Additionally, the Smart Point label can be produced in various forms in accordance to OEM specifications.

Valgay; Gay Frares Vente et Exportation SA; 12, Glacis-de-Rive; 1211 Geneva 3, Switzerland; Tel: +41 22 794 2004; Fax: +41 22 794 2085.


No strings attached

When PhD candidate Nabeel Shirazee was working on his thesis regarding permanent magnet lifting systems, he was approached by a company that wanted to "float" small objects. Shirazee succeeded in designing an electronic circuit/magnet assembly that would suspend a 50g bolt using 5 A current and a 1-cm air gap.

Now, two years later and a partner in his own company, Shirazee can offer systems that will support a 1/2 Kg load across a 5-cm airgap, using as little as 50 mA current. An electro-permanent magnet, placed on a fixed or moveable structure, and a similar magnet mounted on the suspended object, form the system. Attaching high-energy, rare-earth, neodymium-boron-iron permanent magnets to the soft iron core of an electromagnet produces the electro-permanent magnet assembly.

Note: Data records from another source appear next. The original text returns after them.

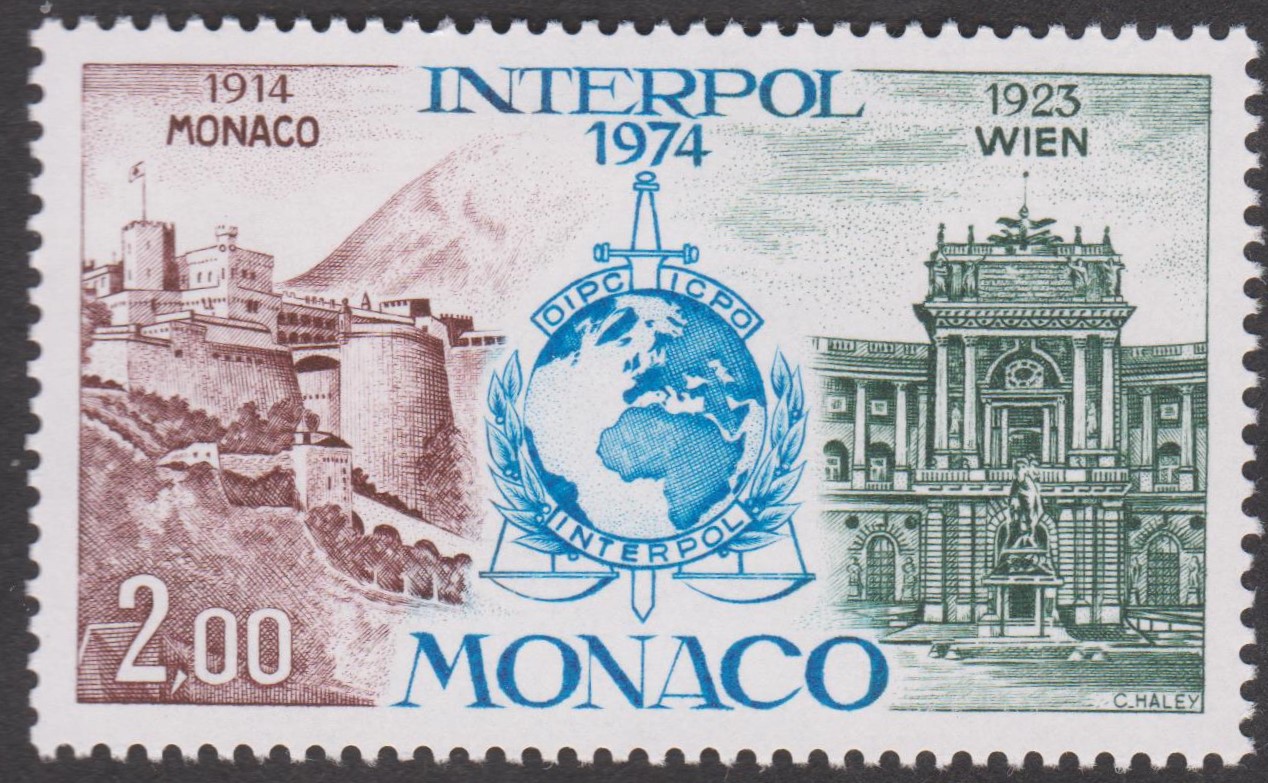 Monaco MiNr. 1123 erschien am 08.05.1974 aus Anlaß "60. Jahrestag der geplanten Gründung von Interpol in Monaco":
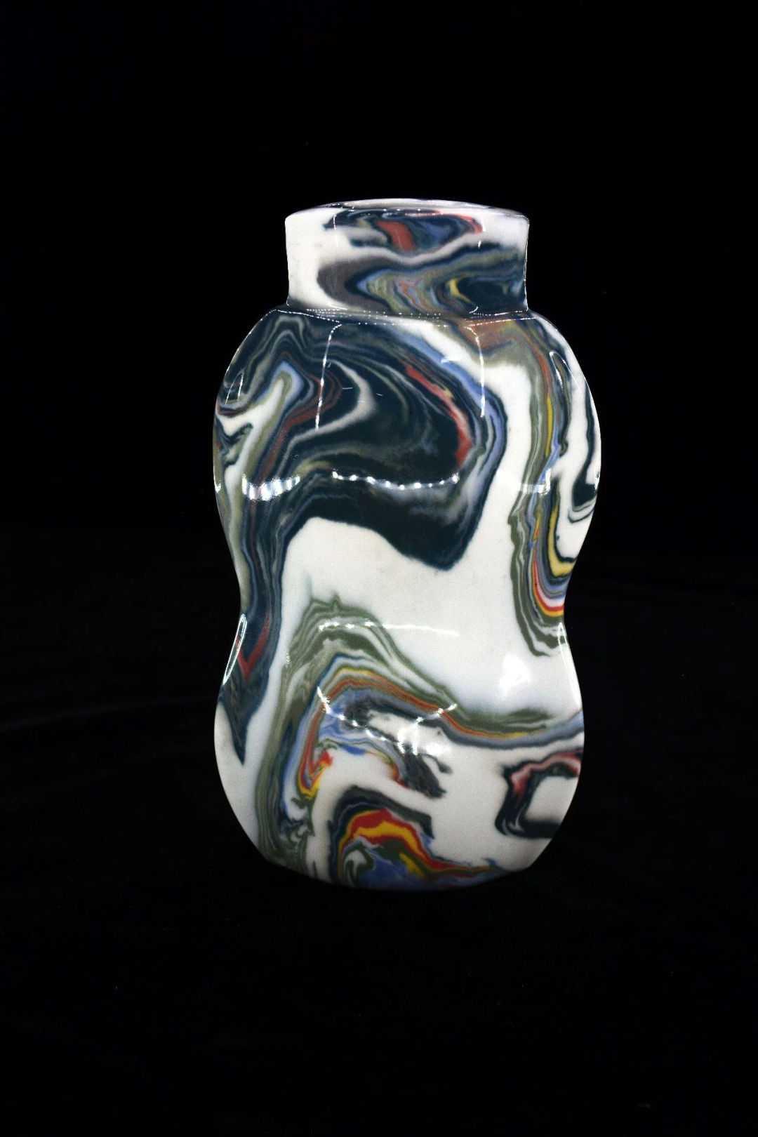 作品简介:作品采用红、蓝、白、黑、黄等多种色泥相间揉和制胎成型,花纹随意自然,如身临高山流水的意境。
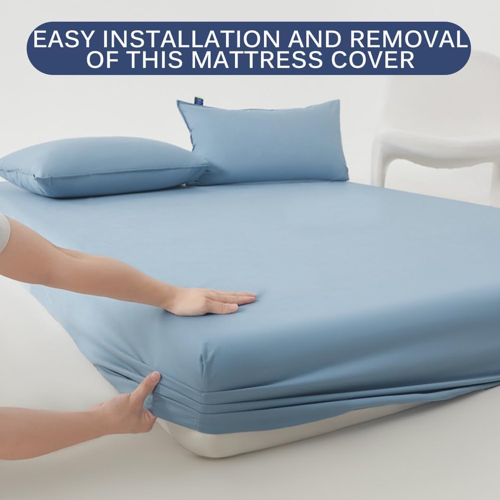Is it a common habit for you to eat or drink while lying in bed?Does your child frequently wet the bed at night?Do you often allow your pet to sleep in your bed with you?If that's the case, our queen size waterproof mattress protector is a great addition to ensure a comfortable sleep experience.Let your sleep be no longer at stakeFabric:Surface polyester fabricBack TPU waterproof filmPrinting And Dyeing Process: Reactive Printing And DyeingFeatures: Waterproof, Breathable, DustproofColor:blue,grey,white,purple,green,pinkSize:90*200cm(35*79in)120*200cm(47*79in)150*200cm(59*79in)180*200cm(71*79in)200*220cm(79*87in)notes:1. Please allow 1-3cm error due to manual measurement.2. Due to different monitors, there may be slight color differences. We hope you can understand.Package Includes:1 x Mattress Protector (pillowcase not included)
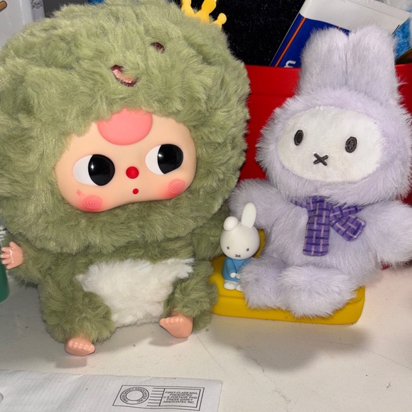 Adorable plush toy set featuring a green character with a crown and a purple character with a scarf. Perfect for collectors and kids.
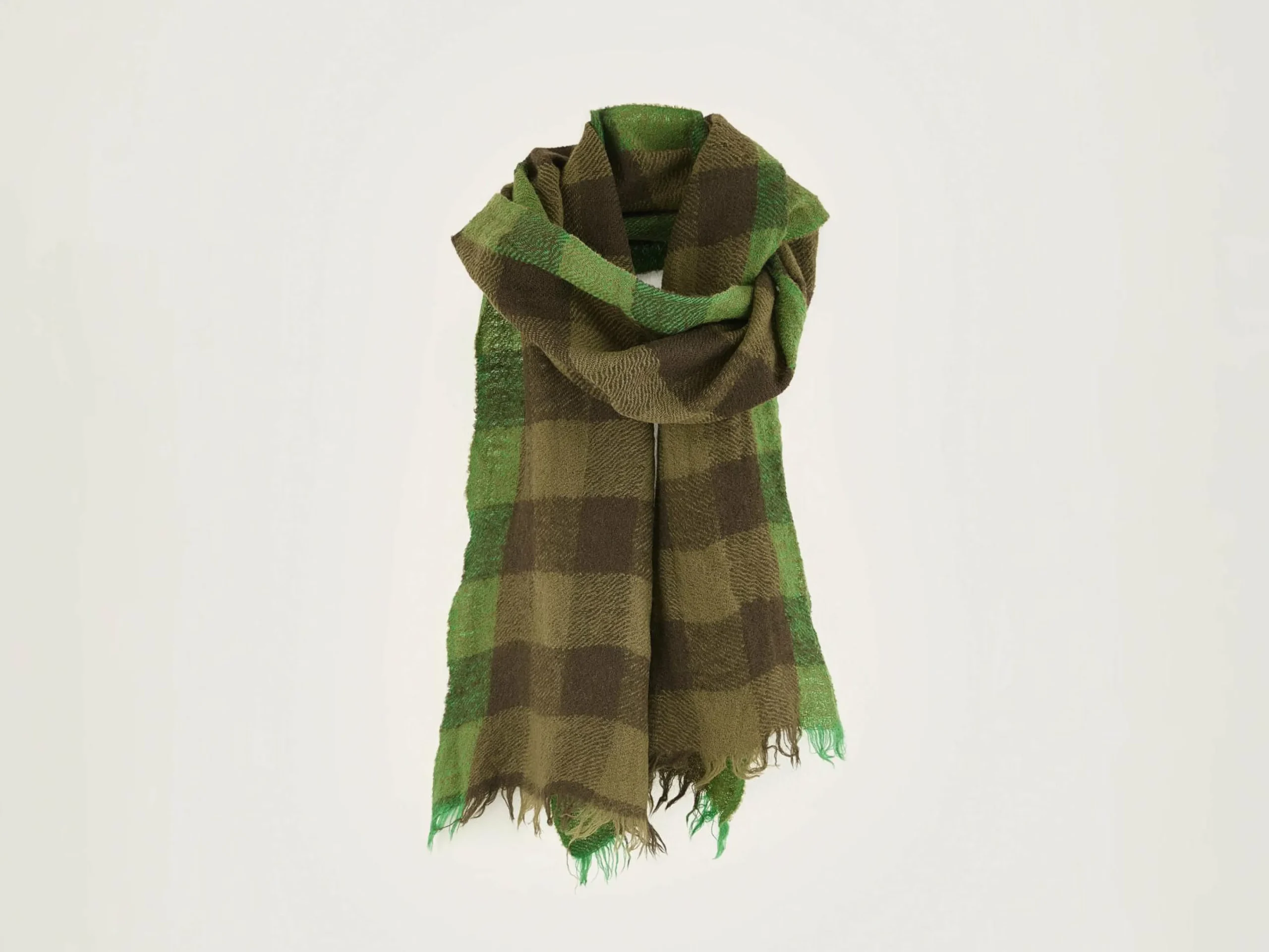 Klassiek geweven wollen sjaal met groene ruiten en franjes aan de randen.
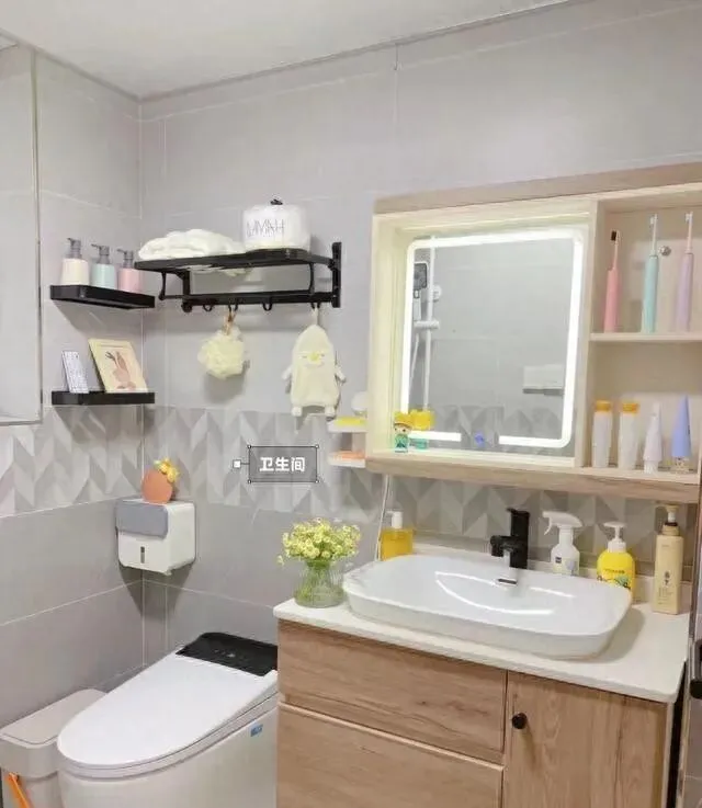 储物是亮点。 悬空浴室柜 , 底下好打扫。 镜柜打开全是收纳格 , 瓶瓶罐罐全藏里面 , 台面永远清爽。
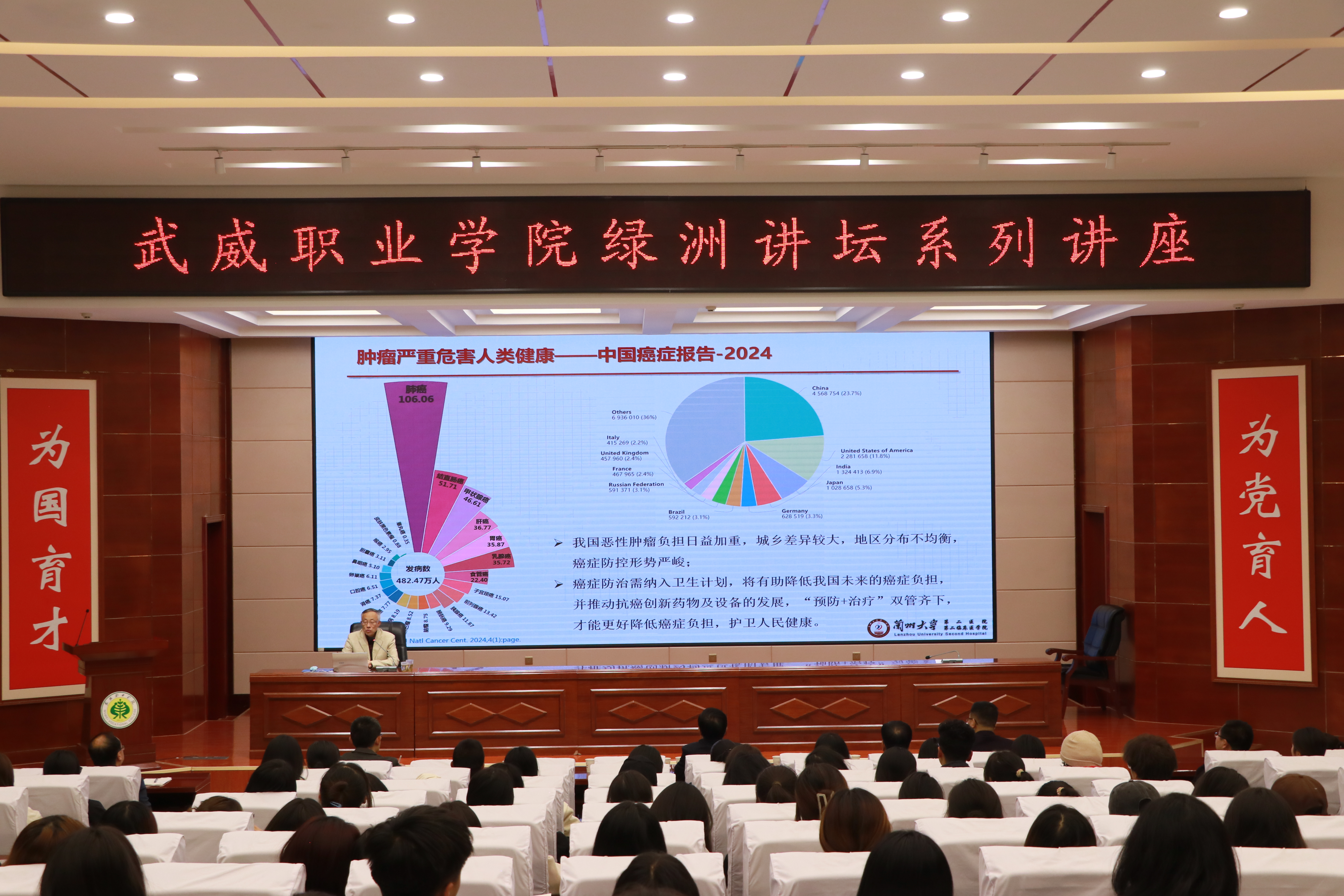 報(bào)告會由學(xué)校校長、黨委副書記張開禮主持,特邀蘭州大學(xué)第二醫(yī)院王志平教授作了“腫瘤臨床放射治療的過去、現(xiàn)在和未來與人才”的主題講座,甘肅省武威醫(yī)學(xué)科學(xué)院腫瘤醫(yī)院醫(yī)護(hù)人員代表、蘭州大學(xué)實(shí)習(xí)生代表和學(xué)校師生代表共計(jì)220余人參加了報(bào)告會。
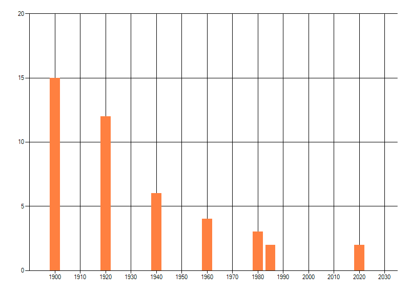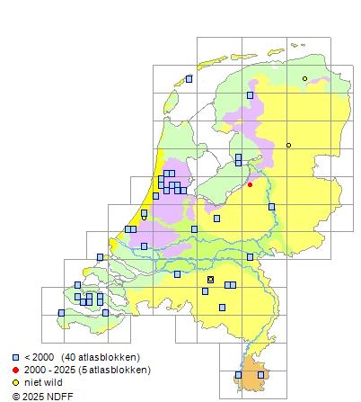 Het aantal atlasblokken (5x5 km) waarin de soort is gemeld binnen een periode van vijf jaar (vanaf 1980) of twintig jaar. Niet gecorrigeerd voor waarnemersinspanning en het aantal doorgegeven waarnemingen kan sterk variëren per periode, dus een trend in verspreiding kan hier niet direct uit worden afgelezen. Het opgegeven jaartal is het eerste jaar van de periode. Bron: gevalideerde waarnemingen uit de NDFF.
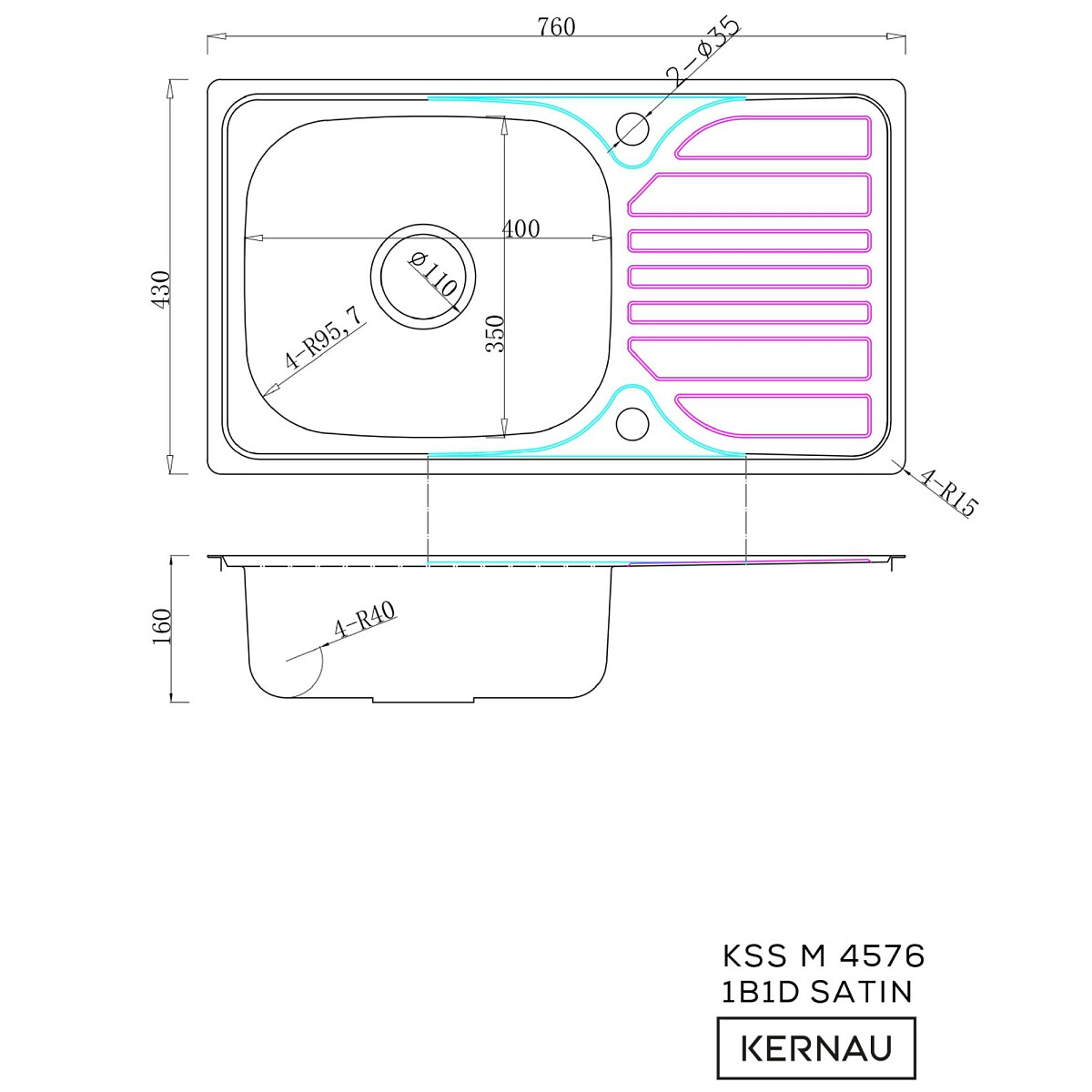 Zlewozmywak stalowy Kernau KSS M 4576 1B1D Satin
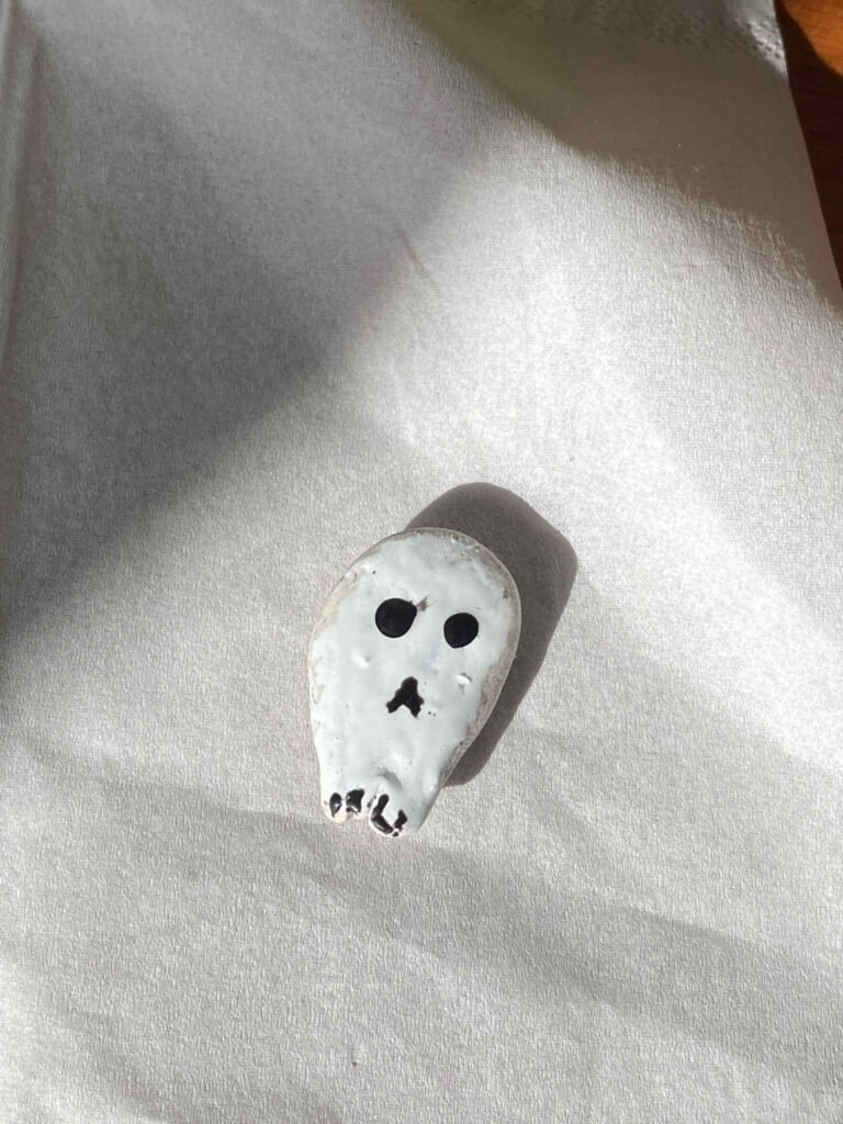 - Once baked, add with details carefully with black paint for the eyes and mouth. I use black gel paint.

In the near future, Shirazee expects to further lower current consumption "by a factor of four."

Magnetic Suspensions Ltd., Systems House, Vallicot, Glen Maye, Isle of Man IM5 3BJ, UK, Tel: +44 1 624 844 292, Fax: +44 1 624 843 858.


Birotor thermal engine

Also on display in Geneva was an interesting internal combustion engine designed to eliminate the traditional crankshaft and connecting rods. The engine integrates combustion chambers and pistons into juxtaposed rotors that rotate in opposite directions. Patent rights for the compact engine, presently available as a hand-cranked demonstrator only, are available.

Jean-Louis Vergnaud; 16, rue de la clairiare; 17100 Saintes, France; Tel: +33 46 93 07 23.


Gearbox replacement

Gold medal winner Jesus Marques envisions his speed variator in future automobiles. Designed to avoid the abrupt increases in engine speed necessary for gearshifting, the system comprises two cones, identically shaped but inversely positioned.

One cone (A) is linked to the engine via the clutch system; the other cone (B) connects to the transmission. A roller transmits motion from A to B. To work properly, the system incorporates the following design considerations:

1) Cone generators are concave, while those of the roller are convex, reducing wear.

2) Roller axle is inclined relative to the general axis of its course to facilitate progression along the cones.

3) Spring force and a high roller/cone coefficient of friction eliminate slippage.

Jesus Marques, 1265 avenue Saint Martin, 06250 Mougins, France, Tel: +33 92 92 10 00, Fax: +33 92 92 90 40.